OK, seems simple enough. What freq band controls the R, low pair ? Same question but high pair ? And, you guessed, repeat for G and B, low and high ?

kdolf:
First. we will a threshold to prevent basic noise. If it less than say .2v(any value I don’t know what is an accurate guess), it will stay off no matter what. Then we will create a second threshold for the music. Each pin of the RGB strip represents a frequency and when a threshold is reached, the lights will turn on. The threshold of each frequency is determined by a value above the average magnitude of the frequencies from the mono audio input. A percentage for example! If the average was 50%, the threshold could be at 65%. The brightness of the lights is determined by how much the magnitude of the frequency is over the threshold. If a frequency hit 65.1%, the light will turn on, at 64.9% its off. This is so only the louder than average sounds are displayed. However, that percentage is low enough to allow multiple pins to be activated simultaneously. Because when multiple pins are activated at once, we will create different colors of light. In essence, we can create every color possible.

Sure, look at the *map()* function.

http://arduino.cc/en/Reference/Map

kdolf:
My thoughts are that this “percentage” can come from smoothing the data out. http://arduino.cc/en/Tutorial/Smoothing. A sample of say 3 seconds will determine what amplitude the frequencies need to meet that threshold(65%) requirement to turn on. If the threshold is made, the lights will start at a value of 60 for example and so by the time they it hits 80%, it reached the 255 max value for that pin…Is this possible?

Certainly possible but be careful ... you're implementing a form of ALC (or AGC) Automatic Level/Gain Control.

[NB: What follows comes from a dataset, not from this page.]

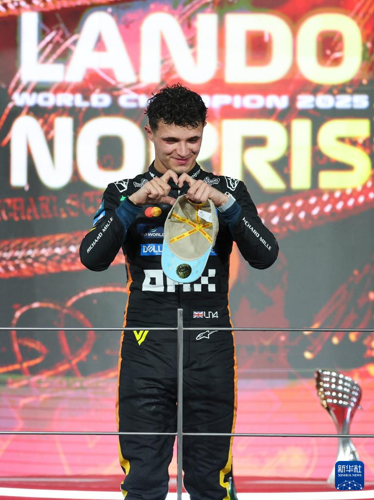 这是2025年12月7日,迈凯伦车队英国车手诺里斯在职业生涯首次加冕F1车手总冠军后庆祝。
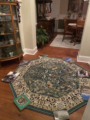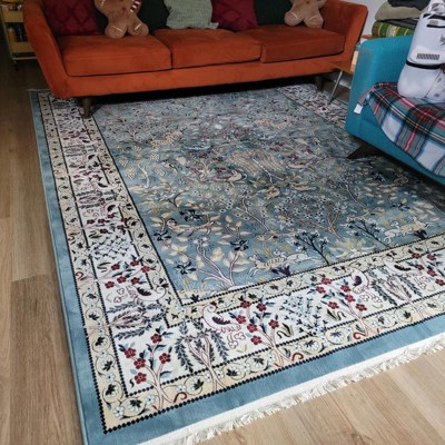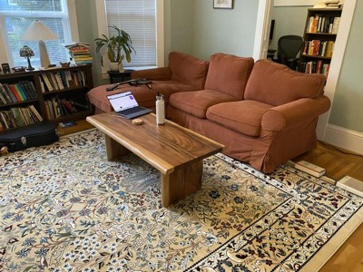 I bought a runner and 7'10x10 area rug of this pattern. As much as I love the runner which I raved in my other review, this area rug did not meet my expectations. Mainly because of the inconsistencies of the main color. The one I got has a big area which main color is obviously lighter than the other ones. It looked like at some point they ran out of dye/ink, during the process of making it. I purposely got this because of the color and pattern. It's disappointing how uneven the shades are. I decided to keep it because I do not want to go through the hassle of returning a ginormous rug. This could have been a perfect rug if the primary colors are even (darker and not light). I wish rugs.com checks the quality of their rugs first before sending it out.

That can lead to some odd results. I will say that 3 secs is a bit long, your strips are lighting to music up to 3 secs old. I think you want the video and audio to be more in-sync than that. But it's a good idea, make that 3 secs easily changeable when it's all coded up.

kdolf:
Mainly take a look at how the power is connected. I’ll respond to your last thread shortly! I ended up with an UNO.

Looks good though I couldn't tell which Uno pins were being used to drive the ULNs. It's always worth the time to document your final wiring scheme. IIRC an Uno means using some pins that aren't 'natively' connected to timers to do hardware PWM. That's fine as PWM can be done in software, albeit more slowly. Good thing is ... you don't need or want fast.